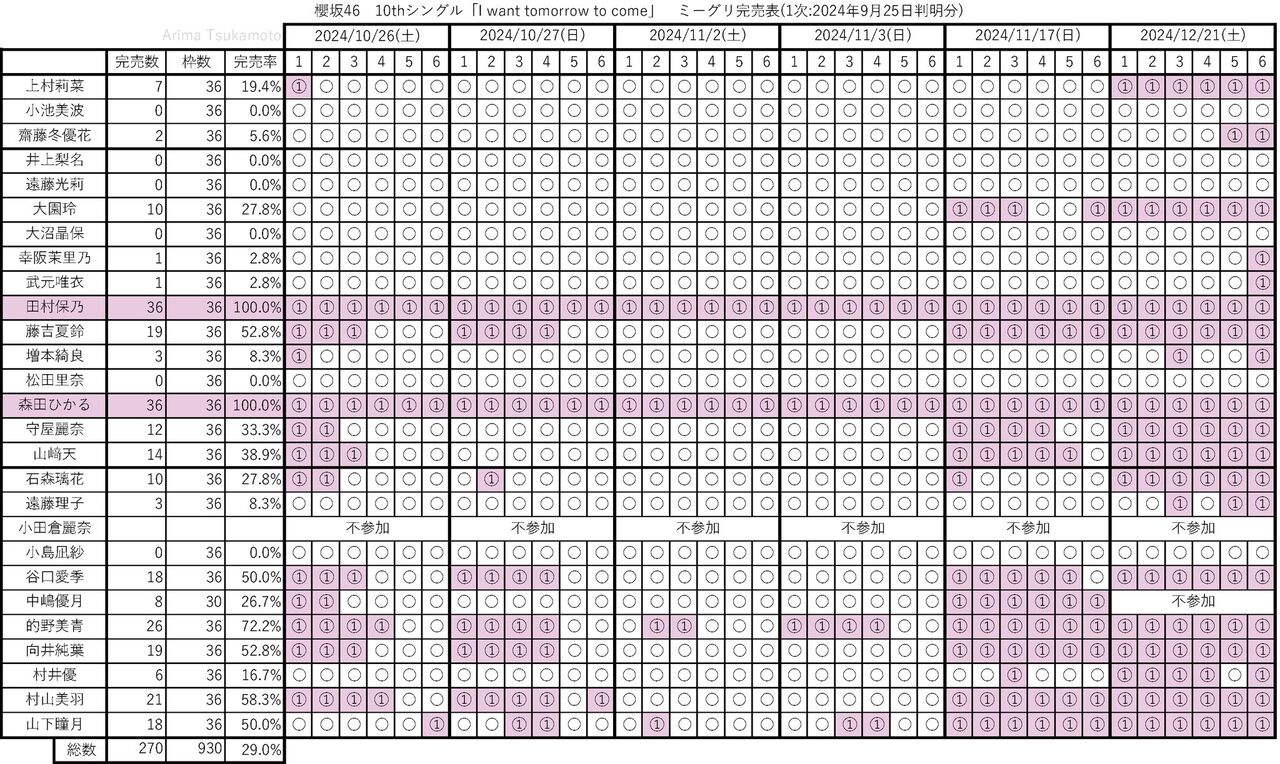 普通に考えれば、1部を完売する枚数と思うのだけれど、櫻と日向のミーグリはどちらも1部60分と同じだから、1部当たりの完売枚数は変わらないと思うのだが、違う意味なのかな?
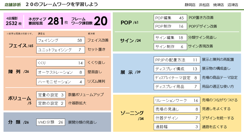 実はこれはスタッフ研修用につくったもので、研修前にスタッフに渡して「これらのフレームワークを今日覚えれば、店舗の悪い個所はすべて直すことができます」ということを表しています。
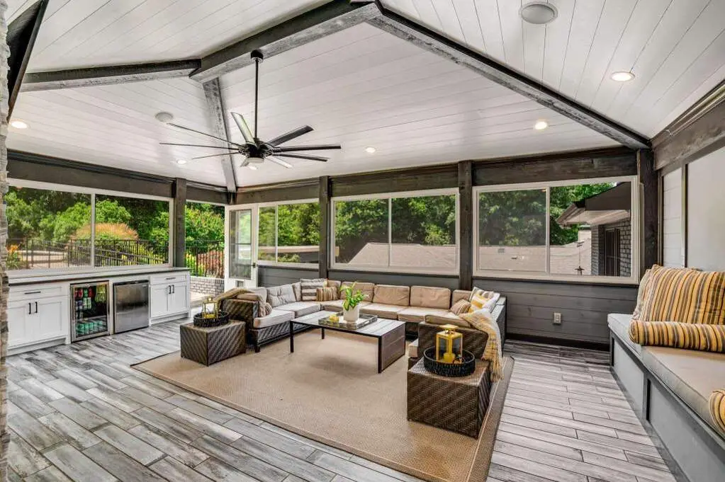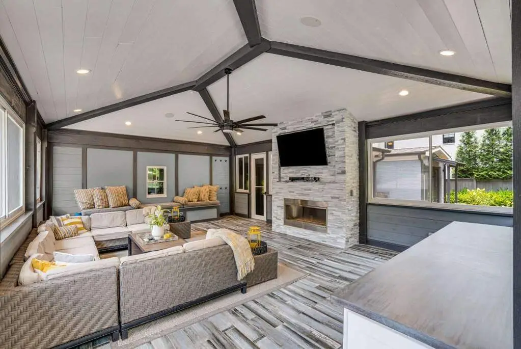 Resort-style backyard with deep-water pool and spa Covered patio with fireplace and indoor kitchen
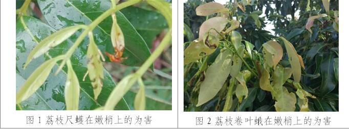 成蟲和若蟲以刺吸式口器在嫩梢的葉片上吸食為害,嚴重影響嫩梢的生長。荔枝褶粉虱一般在葉背為害,造成葉內卷,為害嚴重時,葉面會出現黃色斑點。該蟲的排泄物可誘發煤煙病,影響葉片光合作用。荔枝褶粉虱主要發生在通透性差的密閉果園,在通風透光良好的間伐果園,該蟲則為害較輕。而荔枝葉螨于葉面為害,葉片細胞被破壞而喪失葉綠素,造成葉片呈現黃白色小斑點,嚴重時造成葉片卷曲、變褐至落葉。
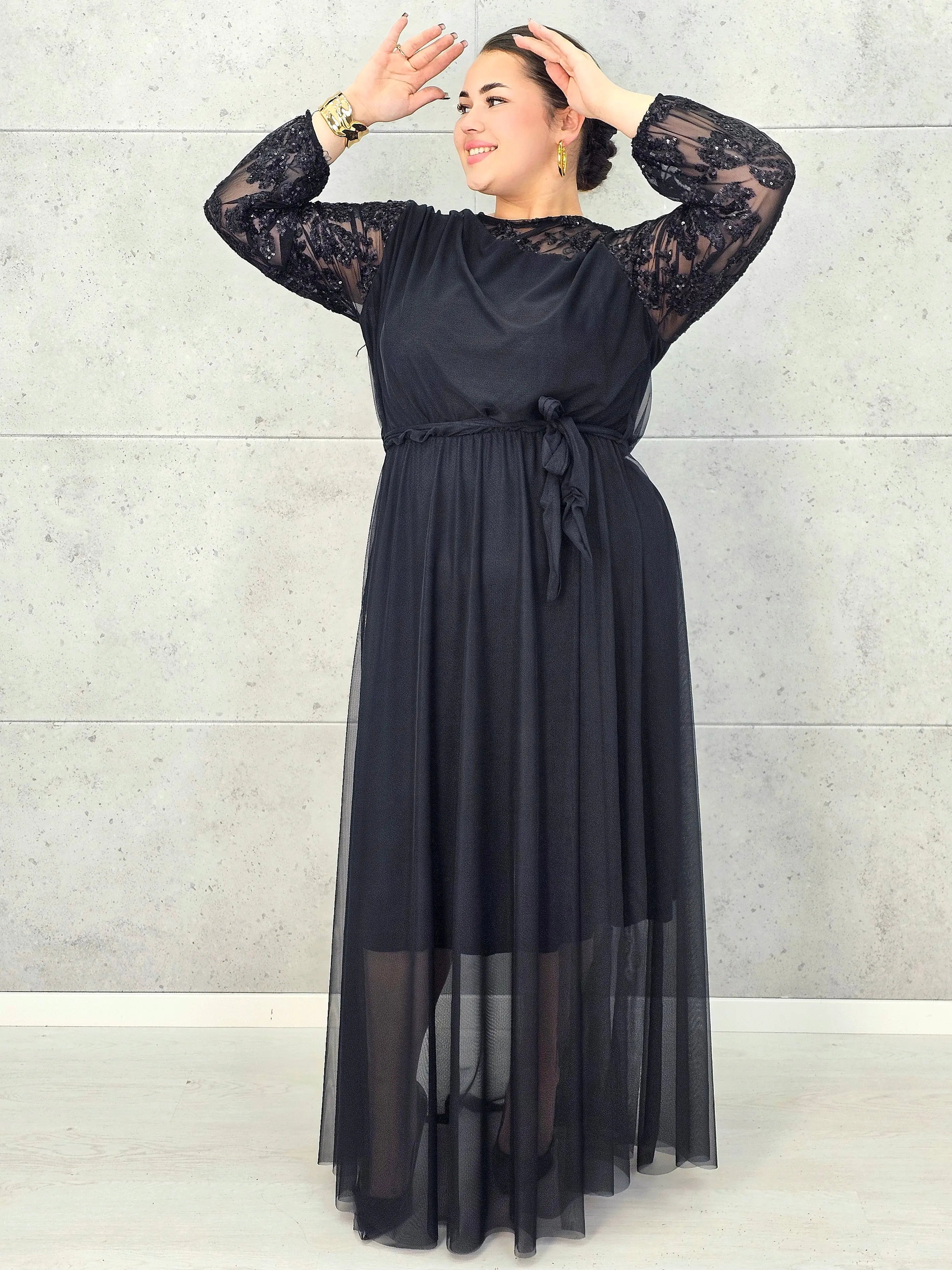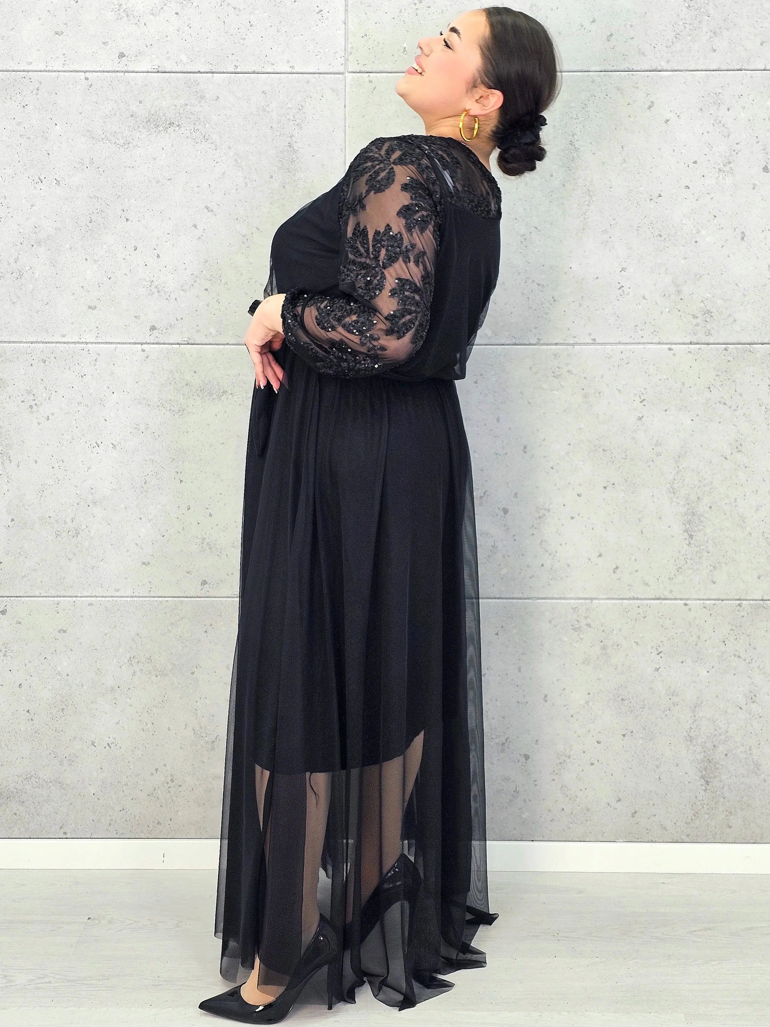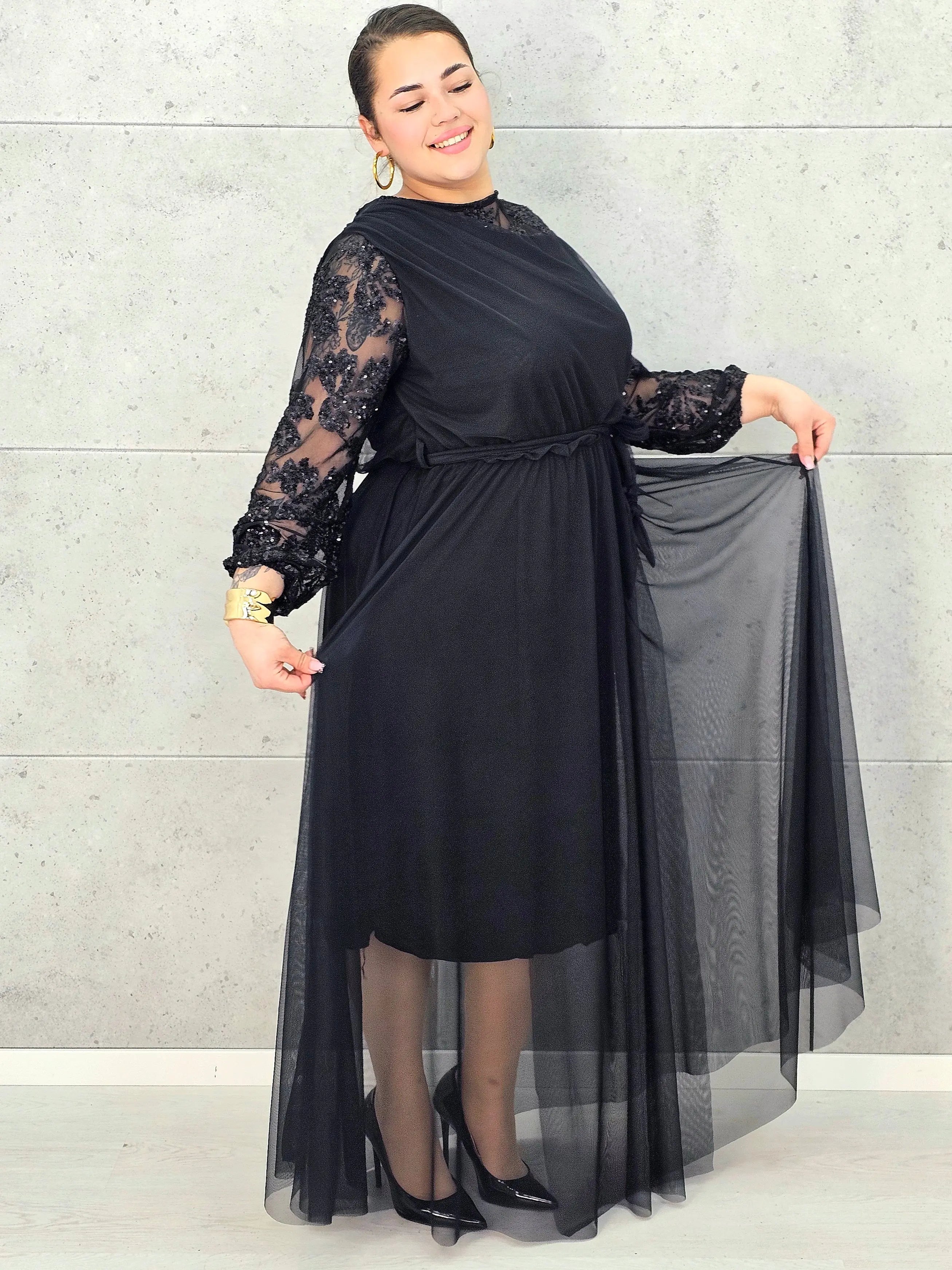 Sukienka plus size elegancka z koronkową górą i tiulowym dołem – wyjątkowa kreacja XXL na uroczystości
══════════════════════════════
Required work:
Reproduce the material above exactly, but only from the line with "Resort-style backyard with" through its last line, leaving pictures out.

Exercise output:
 Resort-style backyard with deep-water pool and spa Covered patio with fireplace and indoor kitchen
 成蟲和若蟲以刺吸式口器在嫩梢的葉片上吸食為害,嚴重影響嫩梢的生長。荔枝褶粉虱一般在葉背為害,造成葉內卷,為害嚴重時,葉面會出現黃色斑點。該蟲的排泄物可誘發煤煙病,影響葉片光合作用。荔枝褶粉虱主要發生在通透性差的密閉果園,在通風透光良好的間伐果園,該蟲則為害較輕。而荔枝葉螨于葉面為害,葉片細胞被破壞而喪失葉綠素,造成葉片呈現黃白色小斑點,嚴重時造成葉片卷曲、變褐至落葉。
 Sukienka plus size elegancka z koronkową górą i tiulowym dołem – wyjątkowa kreacja XXL na uroczystości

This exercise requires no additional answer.